For this example, the directory used to store recordings is bsl_data/examples and the file name will start with example-resting-state.

Note

By default, the start method is blocking and will wait for the recording to start. This behavior can be changed with the blocking argument.

recorder = StreamRecorder(record_dir, fname='example-resting-state')
recorder.start()
print (recorder)

Out:

<Recorder: All streams | ON | /Users/scheltie/bsl_data/examples>

Now that a StreamRecorder is started and is acquiring data, a trigger to mark the beginning of the segment of interest is created. For this example, a SoftwareTrigger is used, but this example would be equally valid with a different type of trigger.

Note

SoftwareTrigger must be created after a StreamRecorder is started and closed/deleted before a StreamRecorder is stopped.

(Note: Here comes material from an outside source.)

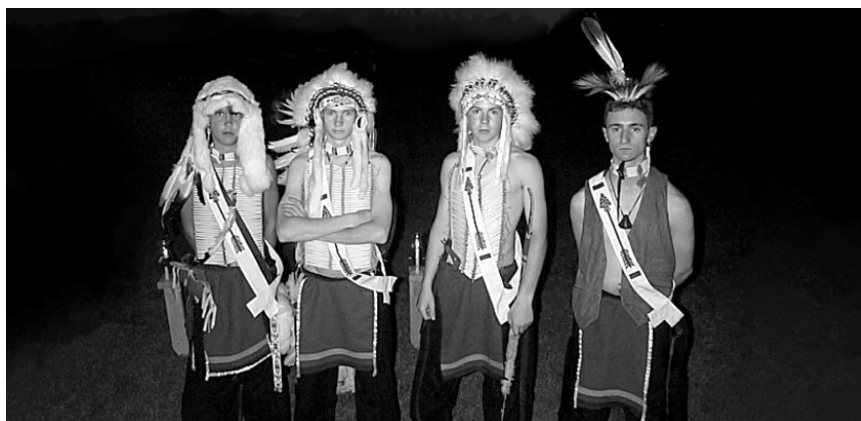
These guys had a blast performing ceremonies.

All triggers do not need an active StreamRecorder to be created.

trigger = SoftwareTrigger(recorder, verbose=True)

To mark the beginning of the segment of interest in the recording, a signal is sent on the trigger. For this example, the event value (1) is used.

Finally, after the appropriate duration, the recording is interrupted.

Note

SoftwareTrigger must be closed or deleted before the recorder is stopped. All triggers do not need to be closed or deleted before the recorder is stopped.

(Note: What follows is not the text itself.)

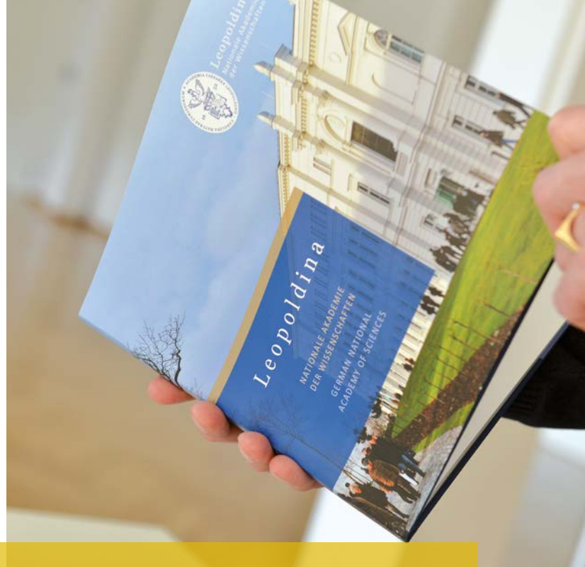
The Leopoldina's Illustrated Book provides a comprehensive overview of the National Academy.

Leopoldina publications are available in the digital library at: https://levana.leopoldina.org .

time.sleep(2)  # 2 seconds duration
trigger.close()
recorder.stop()
print (recorder)

Out:

<Recorder: All streams | OFF | /Users/scheltie/bsl_data/examples>

A StreamRecorder records data in .pcl format. This file can be open with pickle.load, and is automatically converted to a Raw FIF file in a subdirectory fif. The recorded files name syntax is:

  • If fname is not provided: [date/time timestamp]-[stream]-raw.fif

  • If fname is provided: [fname]-[stream]-raw.fif

Where stream is the name of the recorded LSL stream. Thus, one file is created for each stream being recorded.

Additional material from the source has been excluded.